The private equity picture

Among those more confident about the prospects for French deals are private equity (PE) players, with 2016 showing a record year for private equity buyouts by volume at 238 deals, although value paints a somewhat less exciting picture. “There has been a strong trend for lower mid-market companies in France to start expanding internationally and they are looking to PE to help them,” said Charles Diehl, managing partner at Activa Capital. “They want to capture growth internationally, as France has been slow to emerge from the post-crisis slump.”

This confidence was mirrored by a strong year for fundraising in the industry last year, with a 51% increase on 2015 totals to €14.5 billion, according to the French private equity association AFIC. Bumping up the totals were international investors committing to French firms—they made up 45% of funds raised, higher than the 10-year average of 37%. “The results of this annual survey confirmed the trends observed at the end of the first half of 2016,” said Thierry Dartus, partner and head of transaction advisory at Grant Thornton. “These showed a bump in activity across all private equity market segments.”

However, the private equity numbers for Q1 2017 were down from the previous year, with just US$1.12 billion in value recorded for the period across 66 deals, suggesting a slowdown in confidence among firms. “The election has certainly slowed deal activity for the early part of the year,” said Diehl. “But not because of uncertainty.
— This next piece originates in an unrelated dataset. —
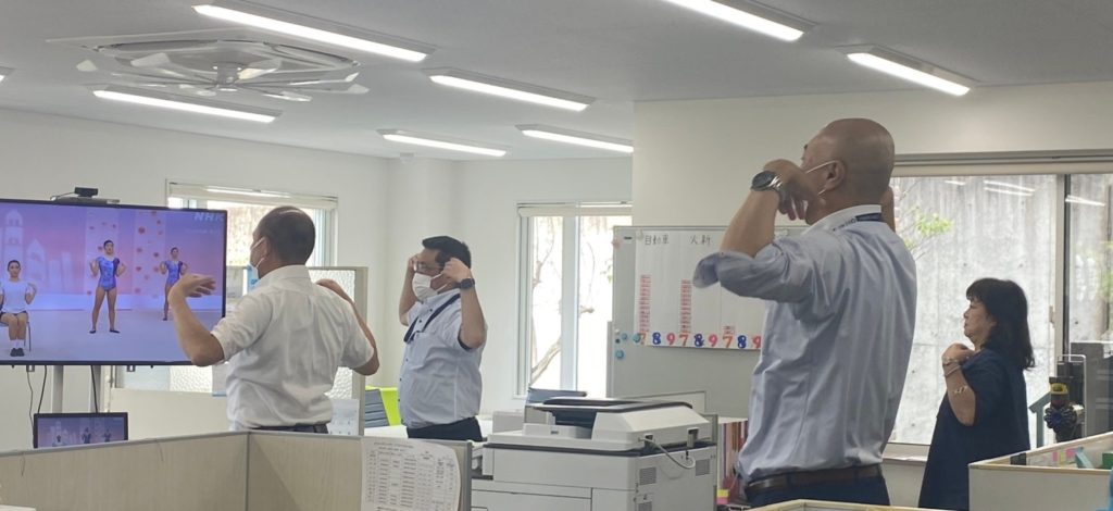 ネクサスでは毎日、朝礼前にラジオ体操を行っています。

It has been more in terms of anticipation of tax reforms that were promised by François Fillon and Emmanuel Macron.”

Over the hurdle?

Emmanuel Macron’s recent electoral victory and his commitment to stay in the EU are likely to be encouraging factors for companies looking to carry out deals in the latter half of the year. The prospects for the rest of the year look promising, certainly in terms of inbound M&A, according to Diehl. “We did see some interest from international acquirers in the early part of 2017,” he said. “These were buyers with a longer term view, who weren’t so concerned with short-term election volatility. However, we will see more international interest now that the elections are behind us—this will be largely at the higher end of the market.”